Introducing Christabel, our new Movement Building Co-ordinator. Read her blog to follow her journey from a town in the East Midlands, through alternative projects in Greece and the Balkans, navigating different ways of working and being in solidarity within food sovereignty, cooperative and housing movements. Christabel's journey has led her to a canal boat near Oxford, from where she joined our remote Shared Assets team from this November.

The story of what inspired me to be part of a struggle for land justice starts way back when my secondary school on the edge of a town in the East Midlands was visited by someone from a university campaigning group based in Oxford. Now based in Oxford myself, I look back to that memorable talk and think about how much it opened up my horizons from what felt like an uninspiring place. It reminds me of the value of resourcing the kind of outreach that connects into more disenfranchised or marginal places on our social or economic landscape. 

That talk was about climate change and shockingly it was over 15 years ago. Since then, I’ve got involved in different organising and actions that all relate to land - anti-austerity and neighbourhood solidarity, housing rights and evictions, detainee support, anti PSPO campaigning, and food sovereignty. Land is in everything we do, it is everywhere, and yet for many people it is unreachable, and so it is also the crux to transforming the world we cohabit.  
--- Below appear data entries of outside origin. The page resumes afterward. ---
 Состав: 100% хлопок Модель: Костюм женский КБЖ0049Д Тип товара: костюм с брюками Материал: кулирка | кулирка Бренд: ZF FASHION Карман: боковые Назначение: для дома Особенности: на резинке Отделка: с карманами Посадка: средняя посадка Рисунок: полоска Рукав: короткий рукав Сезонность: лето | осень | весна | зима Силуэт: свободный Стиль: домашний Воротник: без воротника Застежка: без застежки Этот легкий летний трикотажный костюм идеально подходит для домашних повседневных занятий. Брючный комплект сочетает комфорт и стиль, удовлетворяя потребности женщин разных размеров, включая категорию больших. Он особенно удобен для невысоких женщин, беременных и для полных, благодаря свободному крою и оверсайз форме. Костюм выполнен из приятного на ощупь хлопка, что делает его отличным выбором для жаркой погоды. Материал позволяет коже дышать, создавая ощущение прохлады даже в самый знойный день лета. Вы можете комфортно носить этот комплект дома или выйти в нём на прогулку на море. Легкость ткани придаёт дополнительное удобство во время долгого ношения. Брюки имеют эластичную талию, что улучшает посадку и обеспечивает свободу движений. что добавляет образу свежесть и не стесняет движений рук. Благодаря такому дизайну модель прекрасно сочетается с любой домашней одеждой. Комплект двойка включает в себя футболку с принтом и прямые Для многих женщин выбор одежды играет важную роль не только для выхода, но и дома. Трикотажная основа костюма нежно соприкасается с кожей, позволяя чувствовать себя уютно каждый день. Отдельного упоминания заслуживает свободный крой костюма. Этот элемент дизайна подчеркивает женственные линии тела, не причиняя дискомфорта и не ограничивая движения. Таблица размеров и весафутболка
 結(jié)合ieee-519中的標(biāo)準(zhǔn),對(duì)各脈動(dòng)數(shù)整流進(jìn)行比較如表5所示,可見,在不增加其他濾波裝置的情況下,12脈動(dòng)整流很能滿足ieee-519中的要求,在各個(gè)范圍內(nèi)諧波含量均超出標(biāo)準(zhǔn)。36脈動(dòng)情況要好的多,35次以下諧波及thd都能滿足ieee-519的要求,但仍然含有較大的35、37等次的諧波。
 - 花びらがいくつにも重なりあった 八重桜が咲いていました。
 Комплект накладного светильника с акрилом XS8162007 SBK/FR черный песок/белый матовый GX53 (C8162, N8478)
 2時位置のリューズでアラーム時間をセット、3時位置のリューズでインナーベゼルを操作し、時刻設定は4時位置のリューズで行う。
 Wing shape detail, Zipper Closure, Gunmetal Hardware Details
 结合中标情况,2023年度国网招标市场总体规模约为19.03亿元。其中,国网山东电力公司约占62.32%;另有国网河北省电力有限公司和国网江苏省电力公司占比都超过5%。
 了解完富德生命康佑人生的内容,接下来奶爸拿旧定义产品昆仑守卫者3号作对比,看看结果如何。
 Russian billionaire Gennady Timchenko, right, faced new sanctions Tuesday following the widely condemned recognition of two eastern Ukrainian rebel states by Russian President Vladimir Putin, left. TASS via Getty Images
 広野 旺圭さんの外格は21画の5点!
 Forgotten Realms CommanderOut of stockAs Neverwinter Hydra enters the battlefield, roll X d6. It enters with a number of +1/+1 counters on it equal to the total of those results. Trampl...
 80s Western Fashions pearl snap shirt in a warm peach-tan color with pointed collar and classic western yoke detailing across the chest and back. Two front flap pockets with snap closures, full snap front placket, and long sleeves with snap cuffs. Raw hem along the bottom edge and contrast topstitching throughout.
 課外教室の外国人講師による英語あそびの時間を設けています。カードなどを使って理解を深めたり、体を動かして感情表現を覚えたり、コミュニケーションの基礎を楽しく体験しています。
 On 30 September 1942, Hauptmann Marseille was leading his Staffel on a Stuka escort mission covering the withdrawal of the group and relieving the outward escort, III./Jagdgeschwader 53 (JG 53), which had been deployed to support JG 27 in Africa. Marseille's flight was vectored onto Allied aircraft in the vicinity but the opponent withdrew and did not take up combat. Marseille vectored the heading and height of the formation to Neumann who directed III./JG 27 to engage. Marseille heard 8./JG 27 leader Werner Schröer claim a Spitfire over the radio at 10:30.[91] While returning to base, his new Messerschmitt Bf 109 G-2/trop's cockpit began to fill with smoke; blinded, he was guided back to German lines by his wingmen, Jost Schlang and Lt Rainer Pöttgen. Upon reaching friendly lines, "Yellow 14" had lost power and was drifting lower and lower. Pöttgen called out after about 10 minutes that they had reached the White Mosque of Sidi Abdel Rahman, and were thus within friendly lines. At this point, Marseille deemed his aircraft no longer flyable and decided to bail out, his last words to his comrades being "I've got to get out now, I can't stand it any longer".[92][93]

I came across the food sovereignty movement in a book when reading for my Masters in Social Anthropology but it really came alive for me in stories: from a Oaxacan peasant school and a heritage corn restaurant, in conversation with roadside beekeepers in Greece, market stall squatters, and syndicalist delegates at Nyeleni. I studied to understand others’ experiences and knowledges, and also how to act in solidarity with others. I continue to hold that curiosity. A way to channel the energy for change and that curiosity I find is through facilitating spaces, connections, and processes. 

A participatory action research project on food autonomy in Greece that I coordinated during the initial years of the capitalist crisis taught me hard lessons about adapting expectations to tough contexts of struggle. It gave an insight into the details of self-organising cultures which inform my view that structures and mechanisms make collectives just and resilient. Now I look to ideas in cooperative models and network theory, participatory democracy, and frameworks for empathy, care, equity and healing, for new inspiration. 

On a more soulful note, it hit home during the pandemic that I too could produce things for community self-sufficiency, so I acquired a fertile plot of land to grow herbs as medicines and am in the very early stages of becoming an amateur herbalist, with help from friends near and far. Even though I still enjoy the freedom of an untethered life, moving by canal boat through English waterways and by bike across the Balkan mountain ranges, this healing space keeps me connected to a place. 

Christabel's green and healthy medicine garden, lined by a two single layers of bricks
My medicine garden!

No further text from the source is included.